__EXERCISE INSTRUCTIONS__
Exact copy, no pictures: return only the lines below from the line with "Протокол матча Астон Вилла против Ипсвич" up to and including the line with "Смазать тесто кетчупом, выбранным".

__PROVIDED DATA__
»»

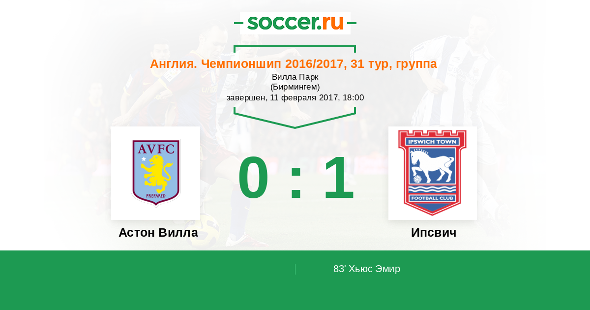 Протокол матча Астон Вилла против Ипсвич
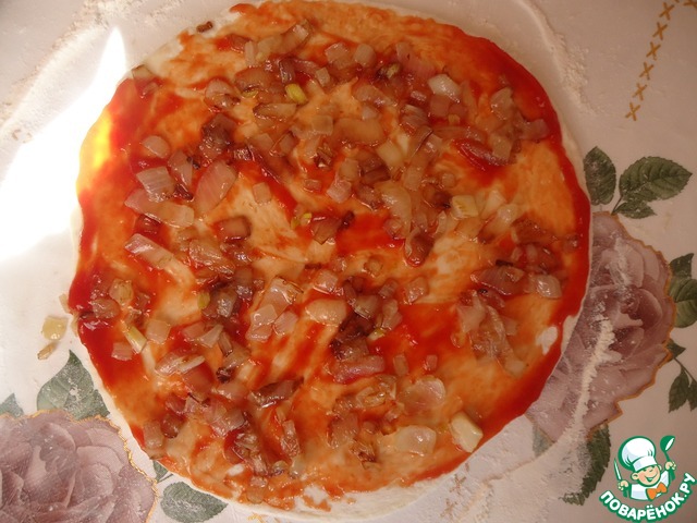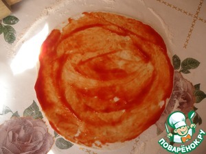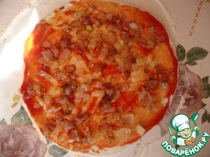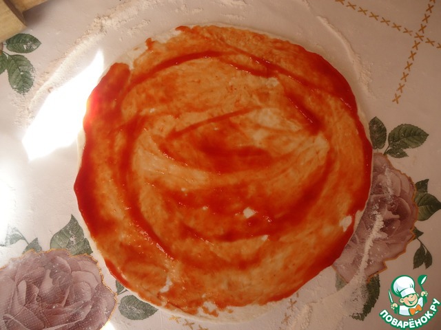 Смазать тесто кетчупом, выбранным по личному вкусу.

««
»»

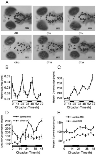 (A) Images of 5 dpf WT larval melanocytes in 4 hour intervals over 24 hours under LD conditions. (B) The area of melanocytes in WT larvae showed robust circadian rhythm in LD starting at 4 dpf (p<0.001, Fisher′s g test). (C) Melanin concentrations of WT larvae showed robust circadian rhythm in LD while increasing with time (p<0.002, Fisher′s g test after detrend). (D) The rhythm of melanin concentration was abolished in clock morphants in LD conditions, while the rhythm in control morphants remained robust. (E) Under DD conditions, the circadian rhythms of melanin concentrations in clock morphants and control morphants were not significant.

««

__SOLUTION TO THIS PROBLEM__
 Протокол матча Астон Вилла против Ипсвич
 Смазать тесто кетчупом, выбранным по личному вкусу.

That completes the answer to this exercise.